Sep 17, 2015 - Sale 2391

Sale 2391 - Lot 108

Price Realized: $ 845
?Final Price Realized includes Buyer’s Premium added to Hammer Price
Estimate: $ 600 - $ 900
(CIVIL WAR--MARYLAND.) Letters to a Baltimore woman from Stanton, Wool, and a general's wife regarding her secessionist husband and son. 3 letters, various sizes, condition strong. Vp, 1862-63

Additional Details

These letters were addressed to Annie Campbell Gordon Thomas (1819-1886), wife of Maryland legislator and secessionist John Hanson Thomas (1813-1881). Mr. Thomas was arrested in September 1861 for his ardent pro-Southern views, and apparently one of her sons joined the Confederate army, leaving Annie to negotiate with Union leadership--a task she seemed to have great success with. These letters include:
John E. Wool. Autograph Letter Signed as Major General in command of Union forces in Baltimore, 7 December 1862: "I did not come to Baltimore as an enemy to her citizens and certainly not to those of your sex.
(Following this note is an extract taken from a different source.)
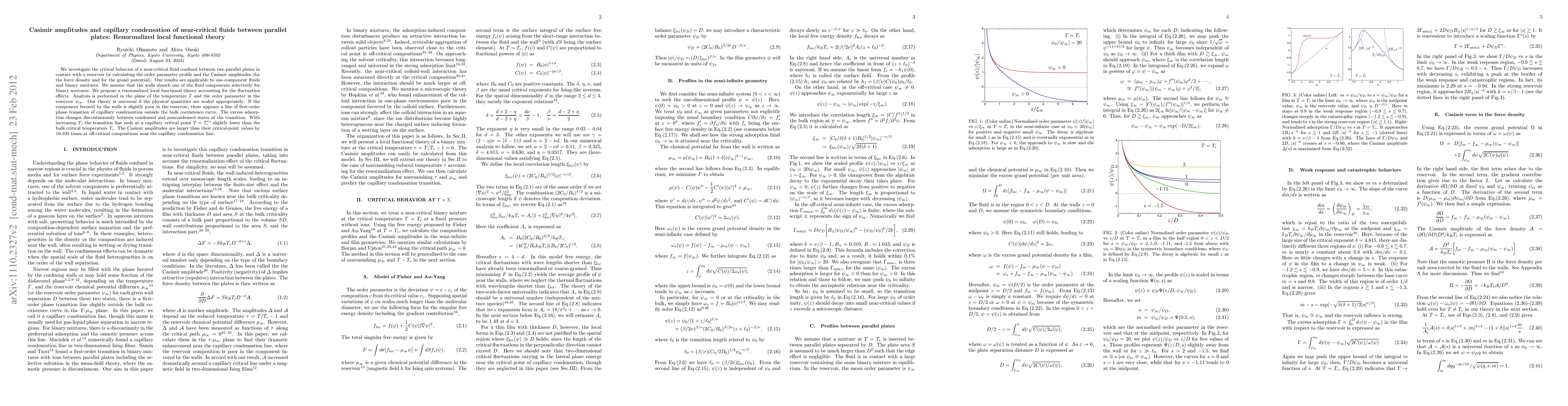 This paper investigates the critical behavior of near-critical fluids confined between parallel plates, calculating the Casimir amplitudes and order parameter profiles. It proposes a renormalized local functional theory to account for fluctuation effects, revealing a line of first-order capillary condensation phase transition outside the bulk coexistence curve.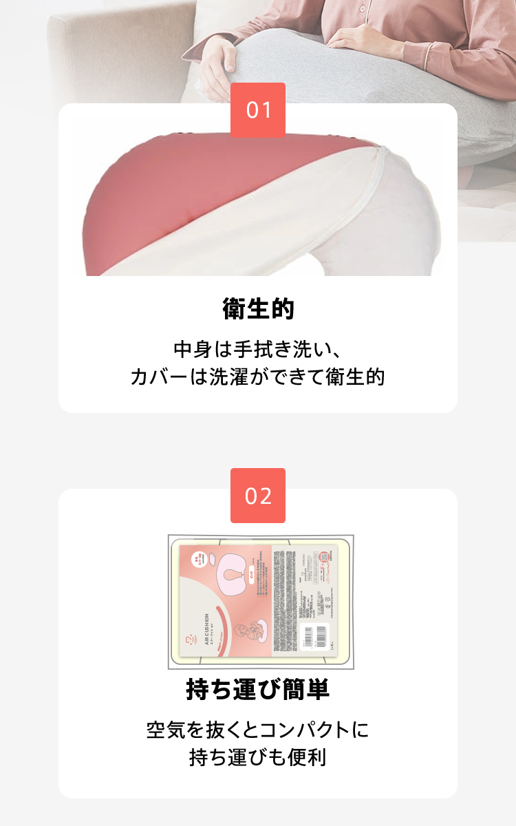 ・エアークッションのため、中身は手拭き洗い、カバーは洗濯ができて衛生的

I came as a protector and to guard the citizens against evil men, and not to punish or imprison them because they did not think with me on the exciting subjects of the day. . . . It would be a source of extreme regret to me if any evil should befall you." Enclosed are Wool's printed calling card and a newspaper clipping regarding his views.
Edwin M. Stanton. Letter Signed as Secretary of War. Washington, 20 August 1863: "You are authorized to send your son a reasonable supply of his ordinary clothing and necessaries, to be inspected . . . and delivered at City Point for your son." With the original War Department envelope bearing Stanton's free-frank signature.
Mary A. Morris, wife of USA Brigadier General William W. Morris. Autograph Letter Signed, Fort McHenry, MD, 26 August 1863: The General promised to send Mrs. Thomas a pass tomorrow, "but as I know he does not always remember, and that beside involving you in the disagreeable task of pushing through all those officials, if he should not, the delay of a day might lose you a week in the flag of truce boat, I wrote the permit and had the pleasure of endorsing it."